Auto merge of #78296 - Aaron1011:fix/stmt-tokens, r=petrochenkov

Properly handle attributes on statements We now collect tokens for the underlying node wrapped by `StmtKind` nstead of storing tokens directly in `Stmt`. `LazyTokenStream` now supports capturing a trailing semicolon after it is initially constructed. This allows us to avoid refactoring statement parsing to wrap the parsing of the semicolon in `parse_tokens`. Attributes on item statements (e.g. `fn foo() { #[bar] struct MyStruct; }`) are now treated as item attributes, not statement attributes, which is consistent with how we handle attributes on other kinds of statements. The feature-gating code is adjusted so that proc-macro attributes are still allowed on item statements on stable. Two built-in macros (`#[global_allocator]` and `#[test]`) needed to be adjusted to support being passed `Annotatable::Stmt`.
author: bors <bors@rust-lang.org> 2020-11-28 07:48:56 +0000
committer: bors <bors@rust-lang.org> 2020-11-28 07:48:56 +0000
commit: 4ae328bef47dffcbf363e5ae873f419c06a5511d (patch)
tree: a4638ba9c7a64bae7fa30ec681219ef1a00dc3d3 /compiler/rustc_parse/src/parser
parent: f8e5209a21c698398a0f8c04af55e2ad6cbd113c (diff)
parent: 92bfa05b07090be1b3bf32af0c8947a0f0b387e8 (diff)
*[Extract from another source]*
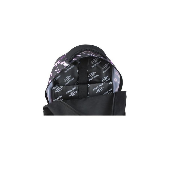Mochila Mormaii com alça manual em EVA reforçada, alças traseiras acolchoadas, costas reforçadas acolchoadas, zipper e logo em metal personalizado, multiplos compartimentos, compartimento para laptop e etiquetas personalizadas.
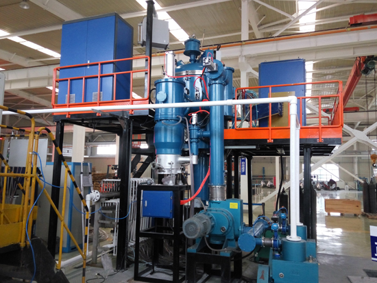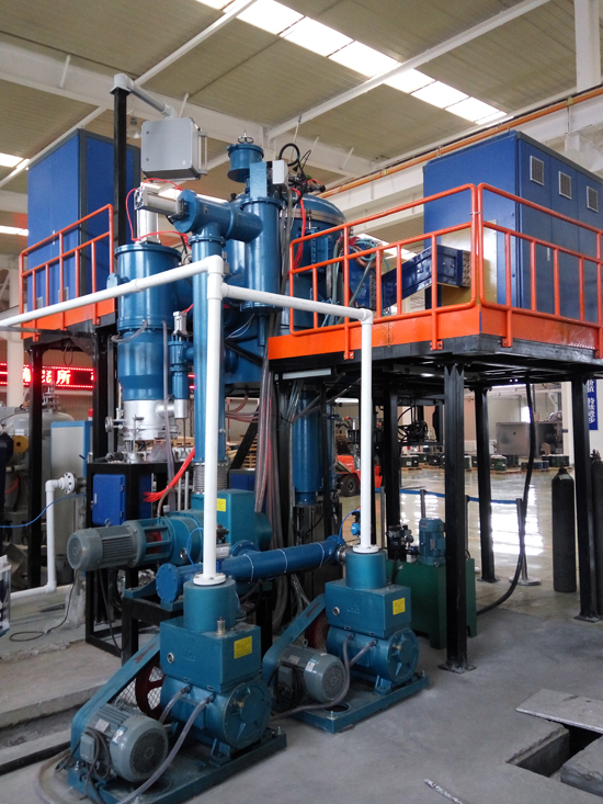 真空感應(yīng)凝鑄爐是利用中頻感應(yīng)加熱原理,在真空或保護氣氛下,將稀有金屬或特種合金在熔煉坩堝內(nèi)熔化后,澆入凝鑄模具內(nèi),凝鑄模具通過電阻加熱進行恒溫保溫,在恒溫狀態(tài)下,由模具升降機構(gòu)通過一定速度緩慢將模具移出保溫感應(yīng)器,通過模具底部托盤水冷及外部水冷罩將金屬液體冷卻凝固;是為各種稀有金屬及特種合金及其它材料的工業(yè)生產(chǎn)和試驗而設(shè)計的;真空感應(yīng)凝鑄爐還具有傳統(tǒng)鑄錠功能,能實現(xiàn)緩冷鑄棒和傳統(tǒng)鑄錠的快速切換。

download: rust-4ae328bef47dffcbf363e5ae873f419c06a5511d.tar.gz
rust-4ae328bef47dffcbf363e5ae873f419c06a5511d.zip
3 files changed, 103 insertions, 44 deletions
diff --git a/compiler/rustc_parse/src/parser/mod.rs b/compiler/rustc_parse/src/parser/mod.rs
index 40aa2db58c7..2a779c37b89 100644
--- a/compiler/rustc_parse/src/parser/mod.rs
+++ b/compiler/rustc_parse/src/parser/mod.rs
@@ -1213,14 +1213,20 @@ impl<'a> Parser<'a> {
         //
         // This also makes `Parser` very cheap to clone, since
         // there is no intermediate collection buffer to clone.
+        #[derive(Clone)]
         struct LazyTokenStreamImpl {
             start_token: (Token, Spacing),
             cursor_snapshot: TokenCursor,
             num_calls: usize,
             desugar_doc_comments: bool,
+            trailing_semi: bool,
         }
         impl CreateTokenStream for LazyTokenStreamImpl {
             fn create_token_stream(&self) -> TokenStream {
+                let mut num_calls = self.num_calls;
+                if self.trailing_semi {
+                    num_calls += 1;
+                }
                 // The token produced by the final call to `next` or `next_desugared`
                 // was not actually consumed by the callback. The combination
                 // of chaining the initial token and using `take` produces the desired
@@ -1228,17 +1234,25 @@ impl<'a> Parser<'a> {
                 // and omit the final token otherwise.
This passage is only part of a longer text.